What Are the Real Benefits of Book Reviews?

I continually recommend that authors get book reviews—lots of them. And I occasionally provide you with directories of book reviewers. I also suggest that you check to find out who is reviewing books in your book’s category and attempt to contact them.

But the question comes up from time to time: what are the true benefits of book reviews? What if you get a bad review, does this discredit you and doom your book sales? Not necessarily. Everyone has an opinion. And yes, people can be swayed. But I believe that a book would have to be pretty awful and there would have to be many negative reviews before they would affect sales to any degree.

If I believe that, then why would I encourage book reviews at all? If reviews don’t deter people from buying a book, why would good reviews inspire people to buy it?

All good questions—something to ponder. And there are no absolute answers. The thing is, books need exposure. Readers won’t buy a book they don’t know exists.
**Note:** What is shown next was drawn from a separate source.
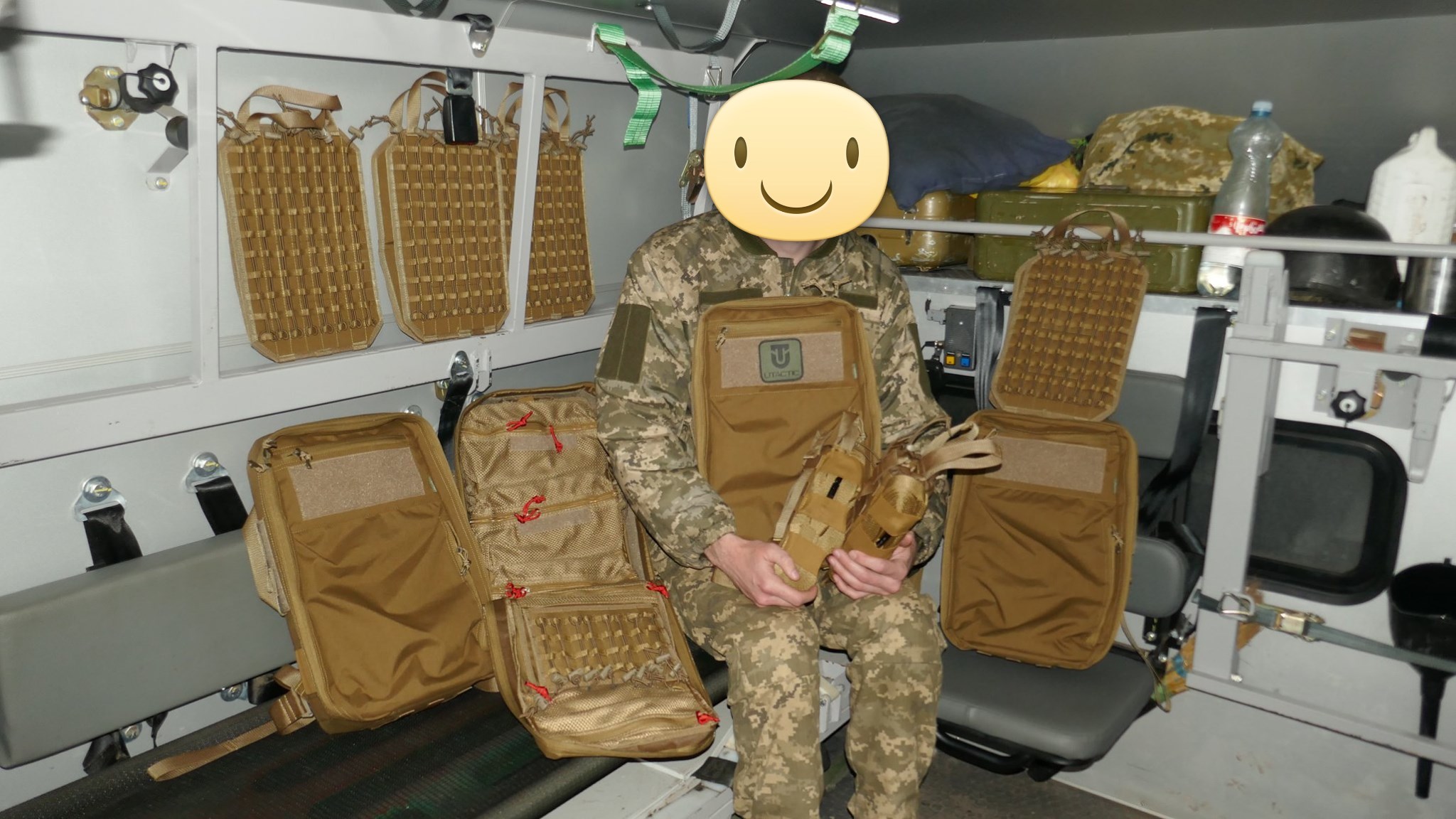 Только представьте себе — 280 медиков, экипированы крутейшими медицинскими рюкзаками и сумками украинского производства взамен допотопных, еще советских, СМСок (СМС — сумка медицинская санитара)!
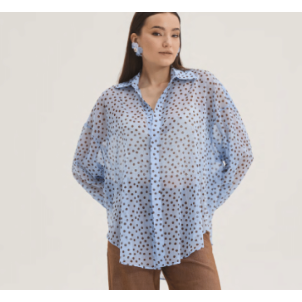 Το σιέλ πουκάμισο με τα διακριτικά μικρά πουά αποτελεί ιδανική επιλογή για να δώσεις μια ανάλαφρη και θηλυκή πινελιά στις εμφανίσεις σου. Η μακριά, loose γραμμή του εξασφαλίζει άνεση καθ’ όλη τη διάρκεια της ημέρας, ενώ ο κλασικός γιακάς και το κούμπωμα μπροστά προσθέτουν κομψή, διαχρονική αισθητική.

Reviews appearing at various review sites, published in magazines and newsletters, posted at Amazon.com, included in the author’s promo material and so forth compute as exposure for that book.

Simply showcase your book at your website, tell people you meet about it and sit with it at a book festival in the fall and 1,000 people may discover it. Do all of the above and also have it reviewed by even a dozen reviewers and it may get noticed by 10s of thousands more potential readers.

Do the math. If 2 percent of the people who see your book end up buying it, certainly, your pocketbook will benefit from wider exposure, right?